It is possible that someone has already got into an unpleasant situation - when for some reason a RAID controller fails, or simply the array “crumbles”. Especially often this happens with cheap controllers built into the motherboard. I'll tell you a small but instructive story that happened to me at the dawn of my admin's career.
So, one day everything happened that could only appear in a nightmare.
One fine morning, our tester approaches me and asks: “What happened to TFS?” TFS is a Team Foundation Server, a kind of web application tied to MS Visual Studio, used by programmers to track bugs, and maybe for something else, at least for me this TFS was a “black box”.
The server on which this application was launched was a normal system unit, with an external SATA RAID controller Adaptec 2410S. On three SATA-disks with a capacity of 149GB, a RAID5 array was created, on which everything was installed. Batteries from the controller, of course it was not. Yes, now tomatoes will fly into me, but alas - the server was raised before me, they did not give me money for the brand (apparently) money, and even then I didn’t particularly think about it. And in vain.
So, I, not knowing anything bad, ping the server on which TFS was installed. Not pinged. Swearing to myself, I went to the server to check the cables - everything seems to be in order, the server is on, the “Link” diode on the network card is on. I go to the server with KVM'a - and here it is: "Non-system disk or disk error". With the help of the Holy Trinity (Ctrl-Alt-Del), I restart the server. POST passes, the RAID controller is initialized and suddenly ... “Array # 0 has missing required members. Found 0 arrays. "Now I'm starting to swear out loud. I press Ctrl-A, I go into the controller BIOS.
I look - and the status of the array - FAILED. Two of the three discs are shown in gray.
“So what are you, white northern chanterelle!” - I thought. Began to think what actually happened. The controller seems to work. Disks too, as if visible. I start checking both “problematic” disks with the utility in the controller BIOS. Verification succeeds, “0 errors found”. Reboot - again, the array was not found.
Having written a letter of resignation in advance, I unwind the server case, put it next to my computer, connect hard drives (well, they were SATA and I connected them directly to the motherboard) and boot.
The screws seem to be defined. Now we need to somehow pull out the data from them, namely the MS SQL Server 2005 database in which the TFS data was stored. The biggest problem was that it was necessary in some way to recreate the structure of the RAID-array, while not losing data.
Wandering on the Internet, I came across a prog Runtime RAID Reconstructor (www.runtime.org).
In the description it was said that it can automatically determine the structure of the array. I download, run.
The program window looks like this:
In the left part of the window, I chose my disks. By the way, this program allows you to create complete disk images and then connect them instead of "live" disks - it can be useful when the disk starts to "crumble" and can fail at any minute.

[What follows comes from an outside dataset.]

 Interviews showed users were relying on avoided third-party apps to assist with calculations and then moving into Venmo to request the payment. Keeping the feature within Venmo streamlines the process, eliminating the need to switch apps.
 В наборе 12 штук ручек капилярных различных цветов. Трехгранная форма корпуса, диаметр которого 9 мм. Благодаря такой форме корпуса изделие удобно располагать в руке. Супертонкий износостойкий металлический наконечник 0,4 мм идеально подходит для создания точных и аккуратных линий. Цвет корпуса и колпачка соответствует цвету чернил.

Then I clicked “Open Drives” and “Analyze” to analyze the structure of the array.
In the analysis wizard, by the way, there is no block size of 512Kb (which seems to have been used by me), but you can add a Custom Size, which I actually did. I left the number of sectors for analysis by default (10,000).

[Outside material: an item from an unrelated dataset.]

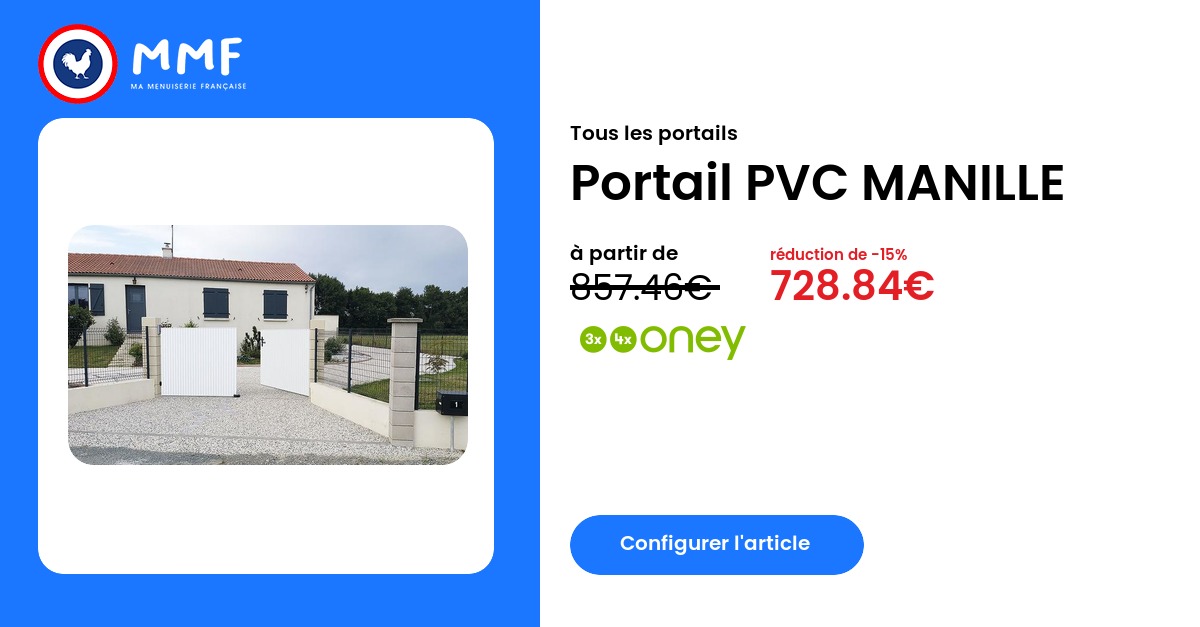 Ce portail PVC MANILLE allie solidité, esthétique moderne et fonctionnalité, parfait pour ceux qui souhaitent une solution pratique et élégante pour leur entrée.

The analysis was successful, the structure of the array was determined.
After that, she created the Virtual Image File - a small (less than 1Kb) file with the * .vim extension, which describes the structure of the array.
The same program then offers to open the file with various utilities from Runtime - Captain Nemo, GetDataBack, Disk Explorer. I needed, apparently, Captain Nemo: the task was to remove data from disks. I shake. I bet.
I open my vim to her - and, oh, a miracle! - I saw a full tree of folders! I found the necessary database files, saved them through Captain Nemo to my screw and connected it on a freshly installed TFS, and it all worked! You can say, "carried." The statement of dismissal went to the shredder.
Now - let's summarize.
As a server, the usual systemic was used.
The system together with the database lay on the same 3-disk RAID5 array, on the same partition.
The array was built on 3 SATA screws, using an Adaptec 2410SA controller.
The reasons for the failure could not be established. According to my suspicions, the cause was a power failure. The RAID controller is not equipped with a BBU (backup battery) and, apparently, a power failure occurred during writing to the disk, resulting in some loss of information about the structure of the array, and the controller began to consider 2 hard drives as failed.
The moral of this story is: You can’t completely trust RAID! Especially - made on cheap hardware. RAID will never replace backup to separate media.
I hope this opus will help someone who falls into this situation. But even more, I hope that it will help not to fall into it. As you know, admins are divided into those who do not backup, and those who already do. If at least one of those who have read this article goes into the second, bypassing the first, I will assume that my goal has been fulfilled. On this optimistic note, I will probably finish.